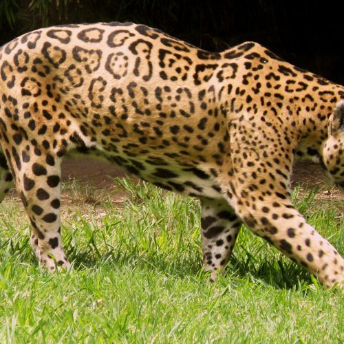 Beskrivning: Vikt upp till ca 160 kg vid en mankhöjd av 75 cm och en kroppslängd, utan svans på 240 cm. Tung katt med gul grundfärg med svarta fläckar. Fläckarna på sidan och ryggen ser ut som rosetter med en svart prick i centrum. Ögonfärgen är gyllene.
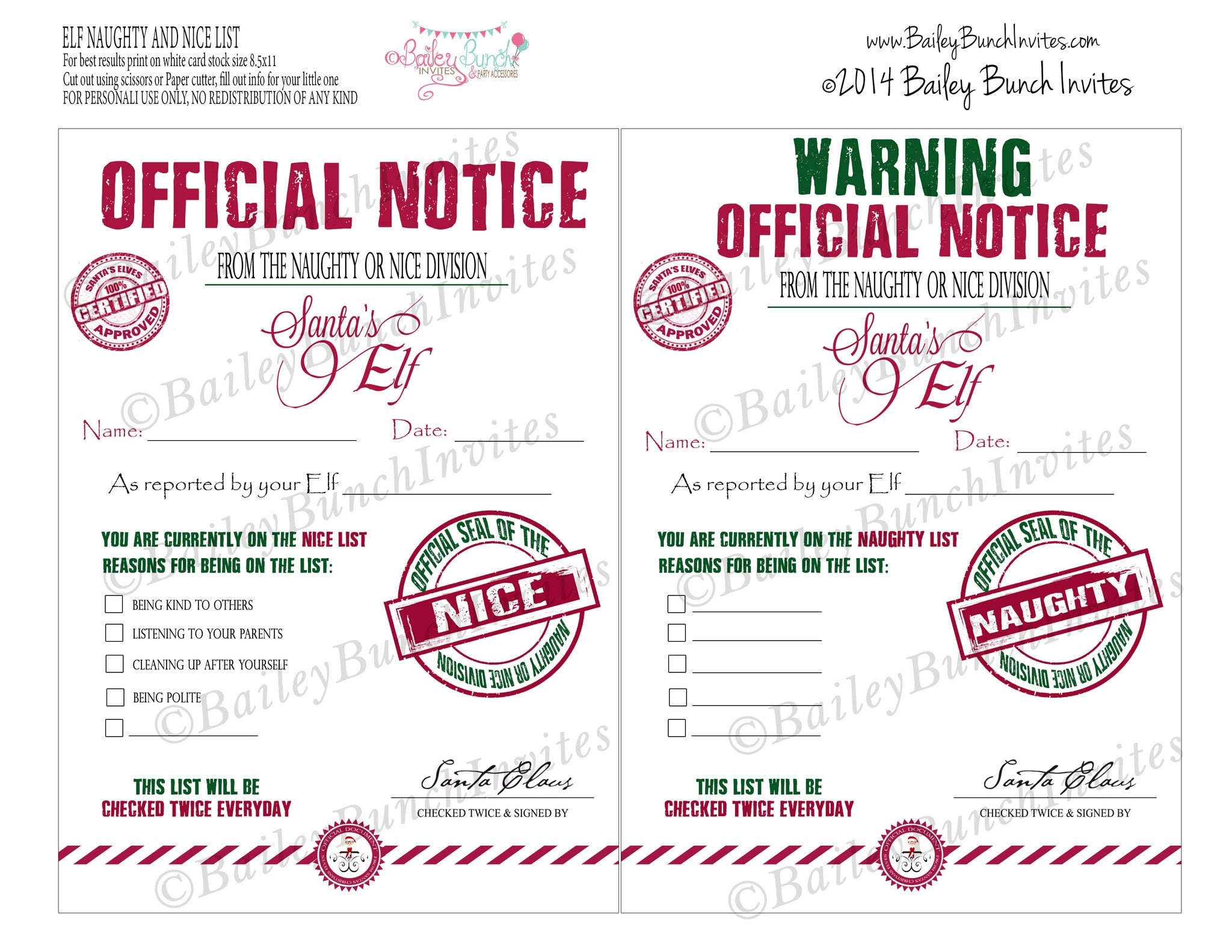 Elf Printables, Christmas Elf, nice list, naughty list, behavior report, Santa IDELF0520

...

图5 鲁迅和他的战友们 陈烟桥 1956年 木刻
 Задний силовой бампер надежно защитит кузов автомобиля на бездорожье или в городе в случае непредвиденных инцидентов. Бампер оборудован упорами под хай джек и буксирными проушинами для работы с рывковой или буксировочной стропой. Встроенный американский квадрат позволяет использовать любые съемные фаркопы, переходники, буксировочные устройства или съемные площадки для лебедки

▶ **Assignment**:
Write back the stretch of lines above that begins with the line holding "Beskrivning: Vikt upp" and ends with the line holding "Elf Printables, Christmas", both included, exactly as written. Pictures stay out.

▶ **Your response**:
 Beskrivning: Vikt upp till ca 160 kg vid en mankhöjd av 75 cm och en kroppslängd, utan svans på 240 cm. Tung katt med gul grundfärg med svarta fläckar. Fläckarna på sidan och ryggen ser ut som rosetter med en svart prick i centrum. Ögonfärgen är gyllene.
 Elf Printables, Christmas Elf, nice list, naughty list, behavior report, Santa IDELF0520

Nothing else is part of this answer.